= Problem to solve =
In the records below, find the line that holds "750VA/450W AVR Battery". Restate it and every later line exactly, stopping at the end and skipping pictures.

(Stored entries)

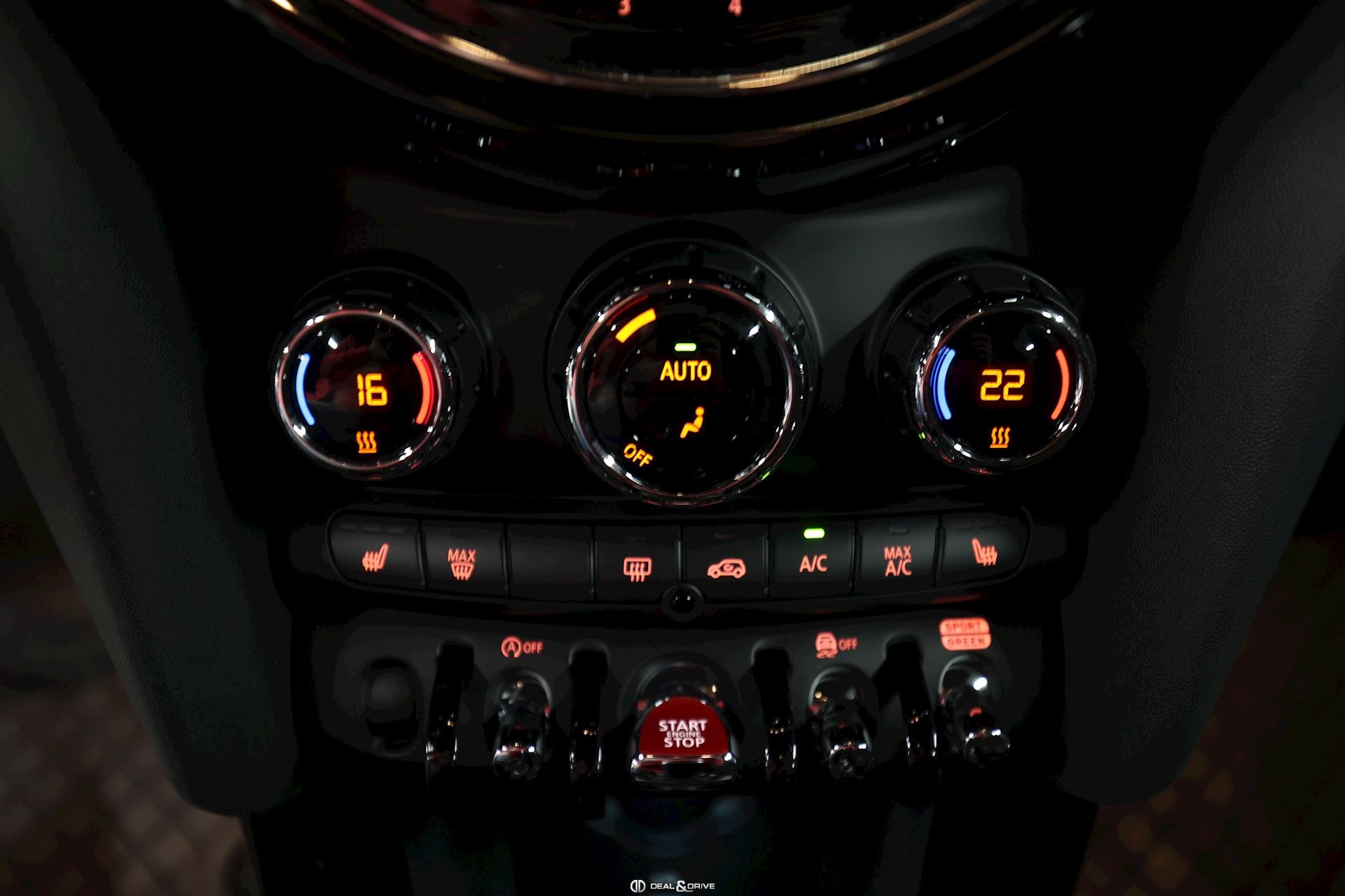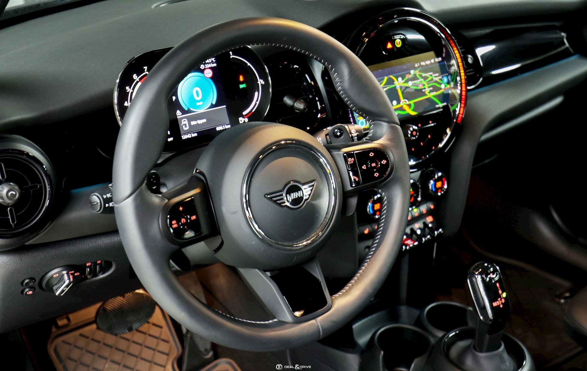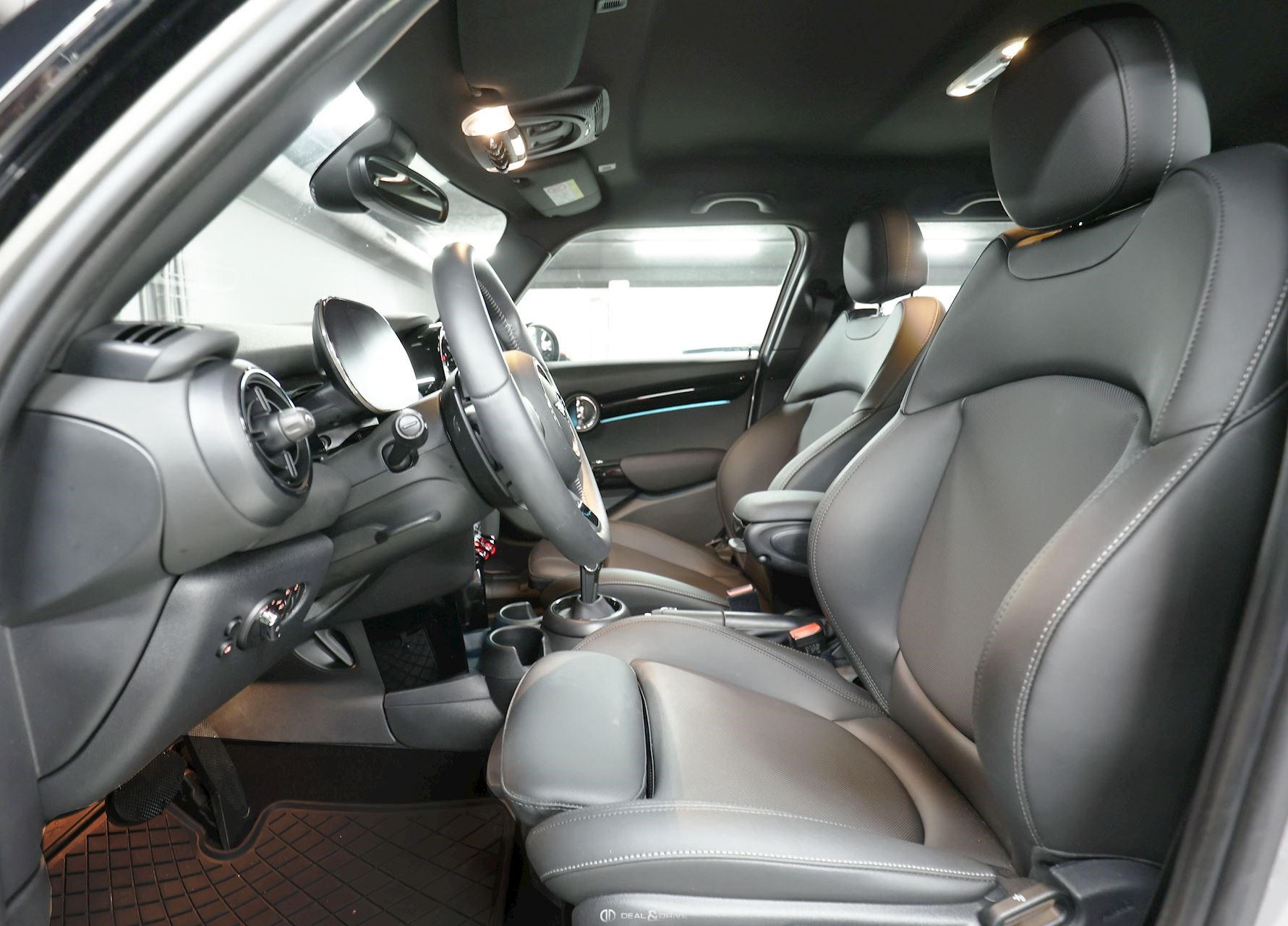 INTÉRIEUR Sellerie en simili cuir Noir Volant en cuir, multifonctions avec palettes Accoudoir central avant Climatisation automatique 2 zones Inserts intérieur Piano Black Isofix sur siège passager Tapis de sol Seuils de porte en Aluminium avec inscription « Mini Cooper S » Plafonnier en Noir
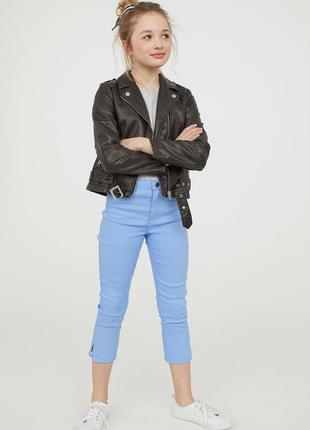 Размер: 134 см (8-9 лет). Джинсы капри для девочки H&M (Англия), два боковых кармана и два накладных кармана сзади, в поясе утяжки нет. Стрейчевый тонкий джинс, хорошо тянутся. Замеры: длина 64 см шаговая длина 44 см ширина по поясу 28 см ширина по бедрам (прибл.) 33-34 см высота посадки 21 см Состав: 73 % cotton, 25% polyester, 2% elastane Без торга. 100% оплата на карту Приватбанка или наложенный платеж Новой почтой по предоплате. Доставка Новая почта, Justin, Укрпочта. Есть самовывоз в г. Харьков
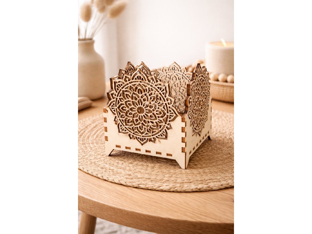 Vneste do svého domova klid, harmonii a kouzelnou atmosféru s tímto jedinečným dřevěným svícnem s motivem mandaly. Každý kus je precizně vyřezaný z přírodního materiálu a vyniká jemnými detaily, které z něj dělají nejen dekoraci, ale i silný vizuální zážitek.
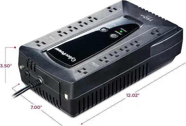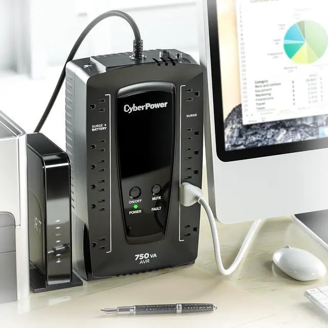 750VA/450W AVR Battery Backup Uninterruptible Power Supply (UPS) System uses simulated sine wave output to safeguard desktop computers, workstations, networking devices, and home entertainment equipment
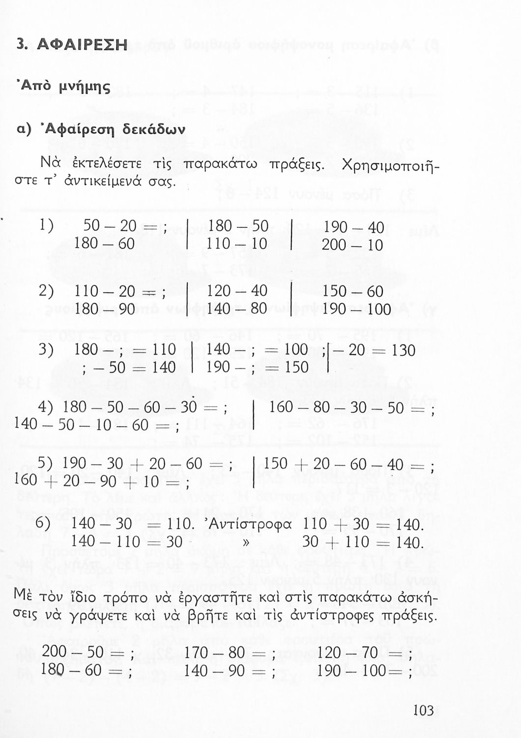 Σχολικό εγχειρίδιο Αριθμητικής για την Γ΄ Δημοτικού που περιλαμβάνει θεωρία, παραδείγματα και ασκήσεις και εστιάζει στις αριθμητικές πράξεις. Περιέχει και 11 σελίδες Γεωμετρίας. Φέρει το σύμβολο της ...
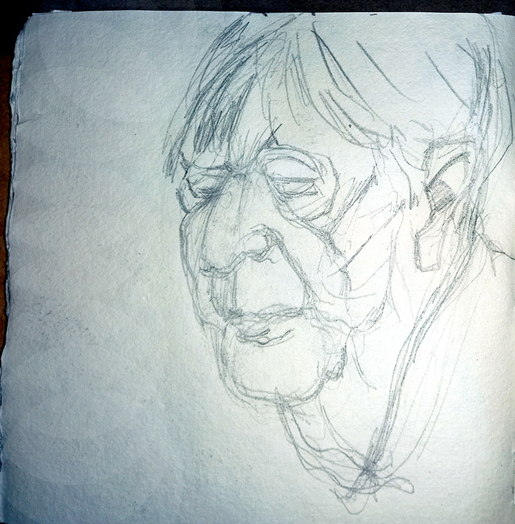 Another head of a performer from the Riverside Folk Club a couple of weeks ago. It’s an eclectic mix of music, folk and country, blues and bluegrass, the occasional small choir and even a bit of comedic verse. I drew this with a 2B graphite block into a Khadi sketchbook.
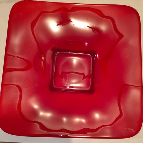 Smukt ravfarvet fad / serveringsfad / glasfad / rouladefad.
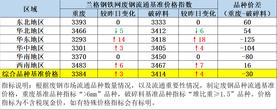 9月27日兰格钢铁网废钢流通基准价格指数3399涨3:其中重废品种综合基准价格指数为3384涨3,破碎料品种综合基准价格指数为3414涨4。分区域东北地区重废3393(0)破碎料3333(0);华北地区重废3466(↓5)破碎料3412(↓6);华东地区重废3293(↑14)破碎料3418(↑18);华中地区重废3301(↑3)破碎料3405(↑4);华南地区重废3370(0)破碎料3450(0);西南地区重废3483(↑6)破碎料3467(↑7)。
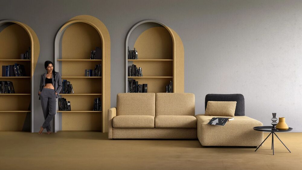 A Home Italy Sax kanapé egy elegáns és praktikus ülőgarnitúra, amely a modern nappalik igényeihez igazodik. Ez a konvertibilis kanapé gyorsan átalakítható kényelmes ággyá a 13 cm vastag, formastabil habmatraccal, így nappali és hálószoba funkciót is betölt.

= Answer for the task =
 750VA/450W AVR Battery Backup Uninterruptible Power Supply (UPS) System uses simulated sine wave output to safeguard desktop computers, workstations, networking devices, and home entertainment equipment
 Σχολικό εγχειρίδιο Αριθμητικής για την Γ΄ Δημοτικού που περιλαμβάνει θεωρία, παραδείγματα και ασκήσεις και εστιάζει στις αριθμητικές πράξεις. Περιέχει και 11 σελίδες Γεωμετρίας. Φέρει το σύμβολο της ...
 Another head of a performer from the Riverside Folk Club a couple of weeks ago. It’s an eclectic mix of music, folk and country, blues and bluegrass, the occasional small choir and even a bit of comedic verse. I drew this with a 2B graphite block into a Khadi sketchbook.
 Smukt ravfarvet fad / serveringsfad / glasfad / rouladefad.
 9月27日兰格钢铁网废钢流通基准价格指数3399涨3:其中重废品种综合基准价格指数为3384涨3,破碎料品种综合基准价格指数为3414涨4。分区域东北地区重废3393(0)破碎料3333(0);华北地区重废3466(↓5)破碎料3412(↓6);华东地区重废3293(↑14)破碎料3418(↑18);华中地区重废3301(↑3)破碎料3405(↑4);华南地区重废3370(0)破碎料3450(0);西南地区重废3483(↑6)破碎料3467(↑7)。
 A Home Italy Sax kanapé egy elegáns és praktikus ülőgarnitúra, amely a modern nappalik igényeihez igazodik. Ez a konvertibilis kanapé gyorsan átalakítható kényelmes ággyá a 13 cm vastag, formastabil habmatraccal, így nappali és hálószoba funkciót is betölt.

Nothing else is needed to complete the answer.